The US has run a trade deficit with China since 1973. The deficit increased from $10 billion in 1990 to $266 billion in 2008. It dropped to $227 billion in 2009, and then grew to $295 billion in 2011 but dropped again in 2012 to $262 billion. The Sino-US trade deficit consistently accounts for more than 40% of the US’ overall deficit in its global trade.

Some in the US argue that this large deficit with China is caused by the competitive advantages China gains from practices such as keeping its currency artificially depreciated, having lax environmental and health and safety legislation, poorly protecting intellectual property rights, not comprehensively implementing WTO obligations, and widely employing industrial policies and discriminatory government procurement practices which work to subsidize and protect domestic Chinese firms at the expense of their foreign competitors. Critics argue that these practices have in turn caused the US to unfairly lose manufacturing and other jobs to China.

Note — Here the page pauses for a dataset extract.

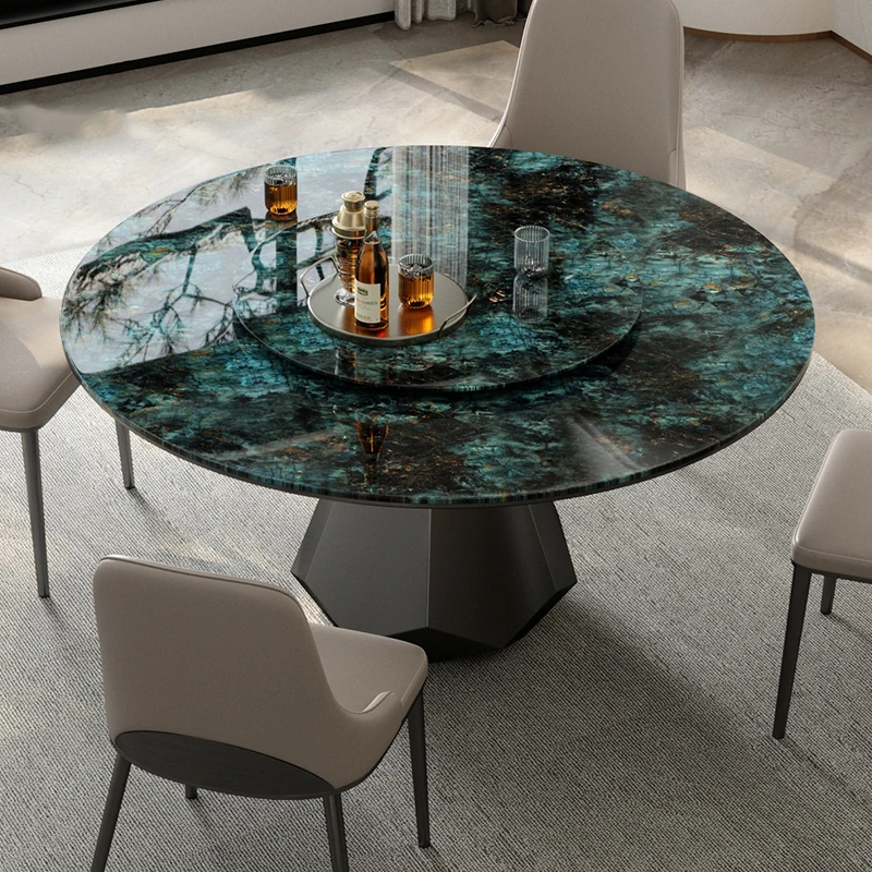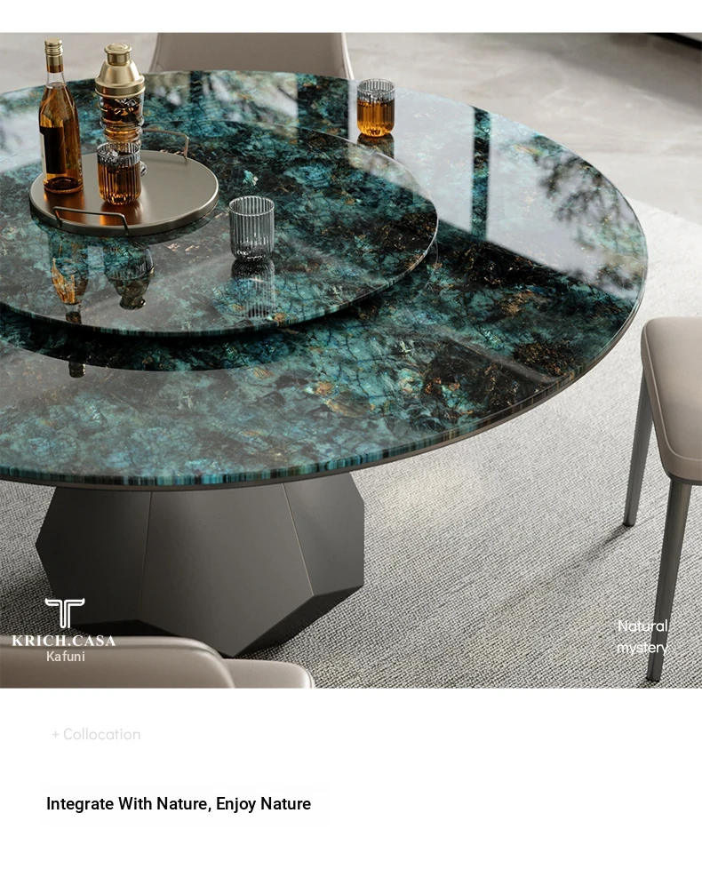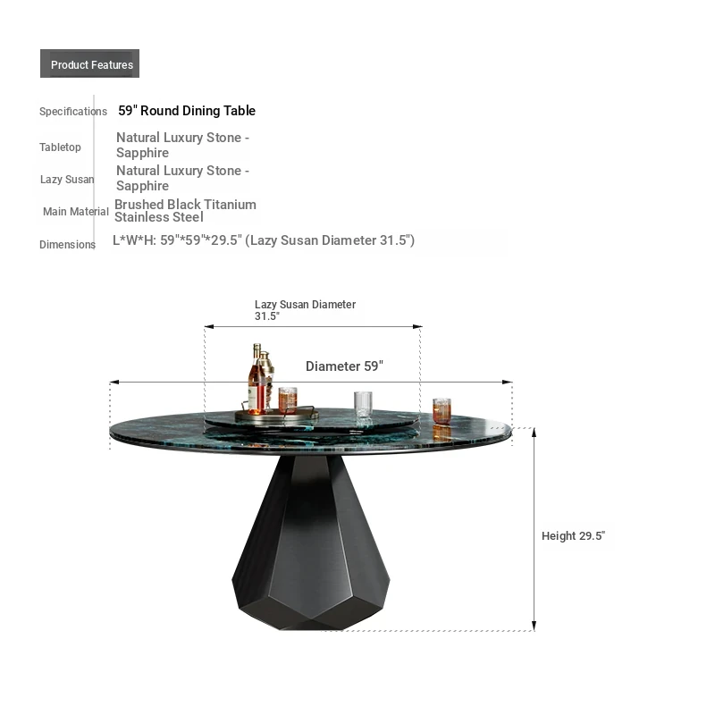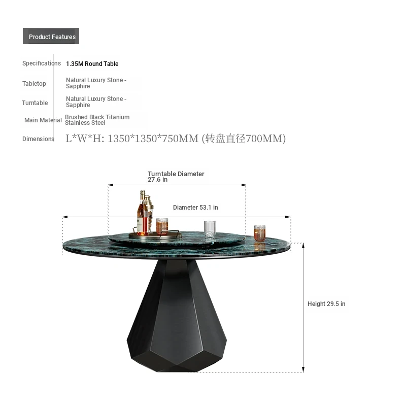 [Natural Luxury Stone Sapphire] 53.15 in Dining Table (Black Titanium Alloy)

Others have argued that Chinese economic policies, which have enabled China’s GDP to grow 9% annually over the last two decades, have provided many advantages to the United States. For instance, China’s rapid economic growth has generated significant demand for US exports. For the last 10 years, China has been the US’ fastest growing export market. In the future, this market is expected to further expand as China’s domestic demand develops, as the living standards of its citizens improve, and as a sizable Chinese middle class emerges.

US consumers have also benefited from cheap Chinese imports, both because they increase US consumer purchasing power, and because they act to keep inflation low. US firms have profited from China’s competitive workforce, either by using China as a low-cost assembler of its manufacturing components or as a source of inexpensive components to be assembled in the United States. As importantly, by purchasing US treasury securities – nearly $1.2 trillion as of September 2012 – China helps keep US interest rates low, which in turn spurs domestic US economic activity.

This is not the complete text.